BRASIL – “Líder do Hamas Ismail Haniyeh é assassinado em Teerã e funeral é realizado no Catar, aumentando tensões no conflito em Gaza”

O funeral do líder do Hamas Ismail Haniyeh foi realizado de forma solene no Catar, na última sexta-feira (2), em meio a um clima de luto e tensão após o seu assassinato em Teerã, capital do Irã, apenas dois dias antes. O evento contou com a presença de importantes autoridades do Hamas, além de Khaled Meshaal, que é cogitado para assumir o comando do grupo militar palestino.

A cerimônia aconteceu em uma grande mesquita ao norte da capital Doha e foi marcada por homenagens e discursos emocionados. O caixão de Haniyeh, envolto pela bandeira palestina, foi carregado por centenas de pessoas durante o cortejo.

O clima de tensão se intensificou ainda mais com a presença do Emir do Catar, Tamim bin Hamad al-Thani, que compareceu para prestar suas condolências e solidariedade. O sepultamento ocorreu em um cemitério na cidade de Lusail, ao norte de Doha, traduzindo a importância e o significado do líder palestino para o grupo.
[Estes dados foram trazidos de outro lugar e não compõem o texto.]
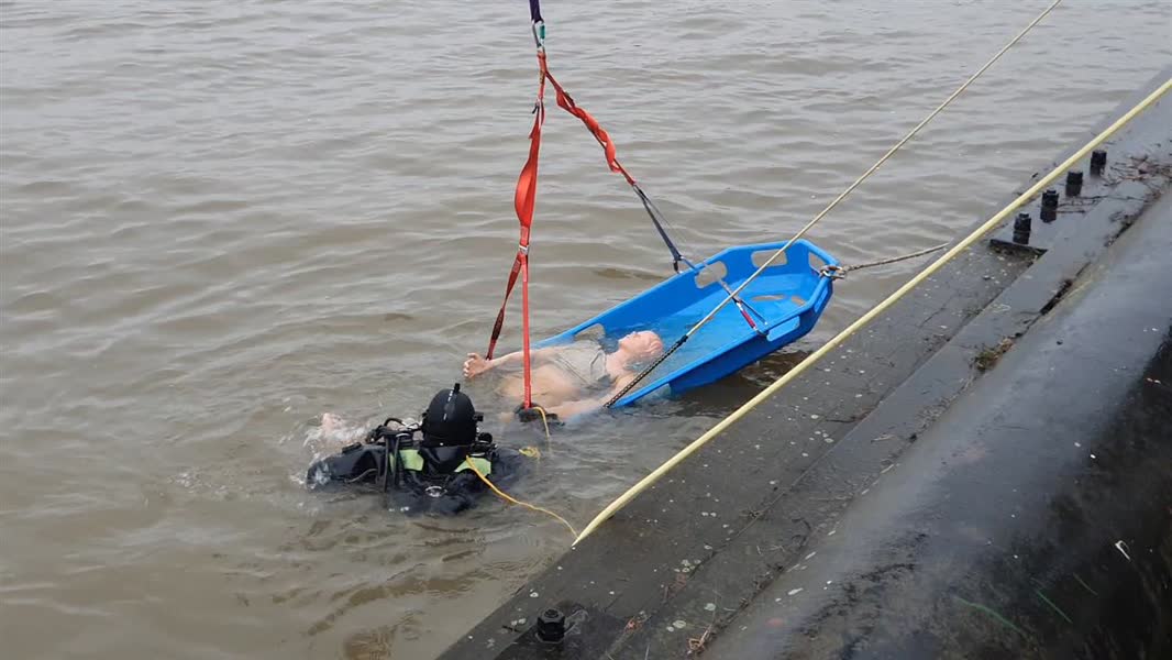 Twee duikteams uit Dordrecht en Rotterdam kwamen bij de oefening te pas. Er werd een zoekactie gestart naar de vermiste personen. Twee slachtoffers werden al snel gevonden en werden op de kade gereanimeerd. De vier andere slachtoffers zijn verdwenen in het diepe water.

O assassinato de Ismail Haniyeh gerou uma onda de acusações e promessas de retaliação por parte do Irã e do Hamas, que culpam Israel pelo atentado. A morte do líder do Hamas se soma a uma série de assassinatos de figuras importantes do grupo militar palestino, alimentando ainda mais a tensão na guerra entre Israel e o Hamas em Gaza.
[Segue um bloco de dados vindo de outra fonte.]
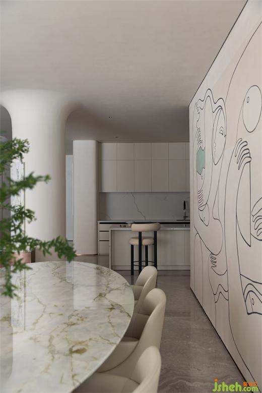 場景的多元化增添生活的儀式感,開放式的起居式廚房促進家庭的接觸和交流。成都蔚藍卡地亞湖畔別墅設計餐廳延續(xù)使用藝術化的語言闡述,怪誕且富有表現(xiàn)力的墻面,形成有一種野蠻生長的自然感。

Nos Estados Unidos, o presidente Joe Biden manifestou preocupação com a escalada de violência na região, destacando a importância dos esforços internacionais para garantir um cessar-fogo na guerra em Gaza. O Catar, juntamente com o Egito e os Estados Unidos, tem liderado as negociações de paz na região, buscando uma solução diplomática para o conflito.
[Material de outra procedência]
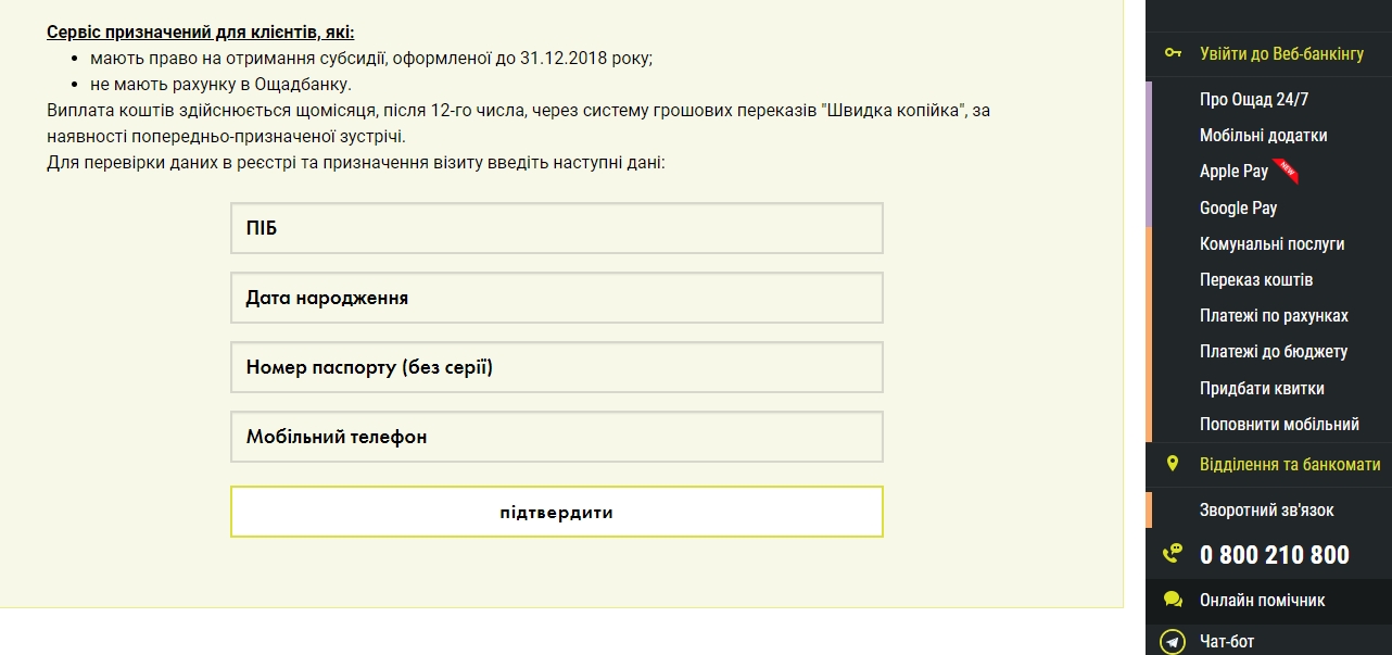 Но не все мелитопольцы знают, что нужно для того, чтобы получить субсидию наличными в банке. Некоторые субсидианты, которые уже вчера посетили отделение "Ощадбанка", рассказали журналисту "МВ" о том, что сотрудники банка их перенаправили на горячую линию финучреждения. Позвонив на горячую линию, мелитопольцы должны выбрать дату и время, которое им подходит (если оно свободно), а также отделение банка, в котором хотят получить субсидию, и в выбранный день явиться в "Ощадбанк". Предварительно записаться в отделение "Ощадбанка" для получение субсидии наличными можно и на сайте банка, кликнув на окошко "записатись на зустріч".

Ismail Haniyeh, nomeado para o cargo mais alto do Hamas em 2017, era considerado por muitos como um representante da diplomacia internacional do grupo, participando ativamente das negociações indiretas de cessar-fogo. Sua morte representa mais um obstáculo nas tentativas de estabilização da região e levanta questionamentos sobre o futuro das relações entre Palestina, Israel e os demais países envolvidos no conflito.